Predator responses to similarity and dispersion of artificial nest sites: Implications for the structure of Boreal Forest Songbird communities

Auk, The, Jan 2001 by Rangen, Sheila A, Clark, Robert G, Hobson, Keith A

ABSTRACT.-Relatively little is known about the role of predation in shaping patterns of coexistence and nest dispersion of songbird species. It has been hypothesized that predators diversify songbird communities by preying more heavily on individuals and species with greatest similarity in nest-site use. To investigate the importance of predation, we tested how predators responded to assemblages of artificial songbird nests that varied in nest-site placement, vegetation features, and nest dispersion patterns in boreal forest of west-central Alberta, Canada. Variability among nest sites was achieved by deploying wicker nests throughout a gradient of vegetation cover and by deploying nests to simulate two- and three-species assemblages. Two-species assemblages, comprising 20 simulated White-throated Sparrow (Zonotrichia leucophrys) and 3 simulated Hermit Thrush (Catharus guttatus) nests, and threespecies assemblages, comprising 10 simulated White-throated Sparrow, 9 simulated Hermit Thrush, and 4 simulated Chipping Sparrow (Spizella passerina) nests, were deployed in eight replicate plots. We hypothesized that predators would be more adept at locating and depredating (1) nests characterized by similar vegetation features in nest patches; (2) nests of similar appearance or nest guild; and (3) clumped versus randomly distributed nests. Contrary to predictions, predation did not increase as variance in vegetation of nest sites decreased across 16 nest-predation plots, nor did variance in vegetation of successful nests increase as predation level increased across 15 nest-predation plots. The addition of one species' nest type to assemblages did not result in lower predation rates. Predators also did not depredate more clumped nests than randomly distributed nests. Overall, predation did not appear to influence patterns of songbird species coexistence or nest dispersion. Abilities of predators to discriminate among less-similar versus more-similar nest sites and nest-dispersion patterns are probably species-specific; that is probably related to the hunting behavior of predators (i.e. use of olfactory and visual cues) and territory size. Received 2 September 1999, accepted 8 August 2000.

A GENERAL GOAL of avian evolutionary ecology is to understand mechanisms driving patterns of community organization (aliens 1989). Hypotheses advanced to explain the structure of avian communities have focused primarily on interspecific competition and food limitation (Schoener 1974; Martin 1987b, 1991). However, recent research has shown that predation might also be an important factor influencing evolution of forest songbird community structure (Martin 1988a, b, c; Lima and Valone 1991, Forsman et al. 1998), particularly when predation is the primary cause of nesting mortality (Ricklefs 1969). If predators respond to accumulating densities of similar nesting songbird species as though they were one species, predation may provide a selective pressure for coexisting species to select different nest types and locations, presumably within constraints of stereotypic nest placement that arises from a species' evolutionary history (Martin 1988c, 1993). Such partitioning of nesting sites may yield a more diverse bird community that, in turn, forces predators to search more substrates and height levels, inhibiting the development of predator search images, and decreasing predator searching efficiency (Martin 1988b, 1993, 1996).

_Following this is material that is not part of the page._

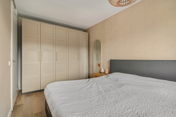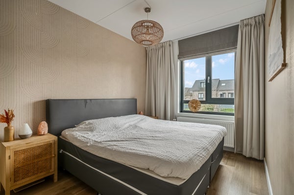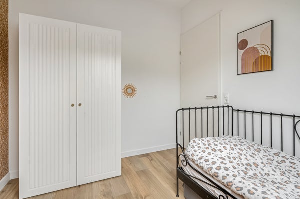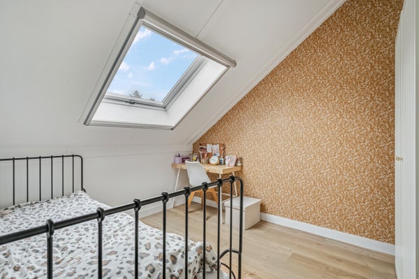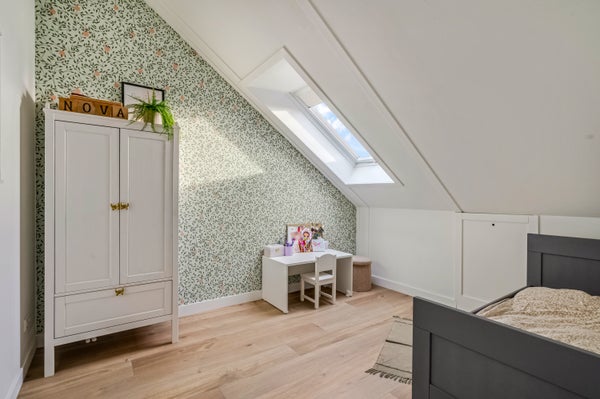 Zowel de slaapkamer aan de voor- als achterzijde heeft een groot dakraam en veel sfeer. Beide kamers zijn in gebruik als kinderkamer, met een mooie vloer en behang op een van de wanden. Verbouwen hoeft niet, dus je kunt al snel gaan inrichten...

An inherent assumption of the predation hypothesis is that predators specialize on nest types. However, the extent to which different predator species hunt for nests of specific songbird species or in locations of specific vegetation types is unclear. Use of search images that lead to an intensified search for similar nests is generally ascribed to predators that rely on visual cues (Martin 1988b). Thus, if a considerable proportion of the predator community comprises nocturnal mammals, visual cues provided by nest construction, substrate, strata, and vegetation at nest sites may be of limited importance. Rather, olfactory search images may prevail with predators cueing on odors of nest contents, parent birds, and nests (Nams 1997, Pelech 1999). Ultimately, songbird community assemblage patterns may be subject to counteracting selection pressures from different species in the predator community.

Predation pressure may favor coexisting songbirds with different nest types and locations, but also species with nests that are well spaced from neighbors. For that to occur, predators must concentrate their search efforts after cueing on nests, which results in closely spaced nests incurring heavier predation (Tinbergen et al. 1967, Sonerud 1985). Some studies using artificial and natural nests have reported densitydependent predation, whereas others have found no relationship between predation rates and nest density (Zimmerman 1984, Reitsma 1992, Hogstad 1995, Lariviere and Messier 1998). Nonetheless, few studies have examined predator responses to nest-dispersion patterns of songbirds (Picman 1988, Major et al. 1994).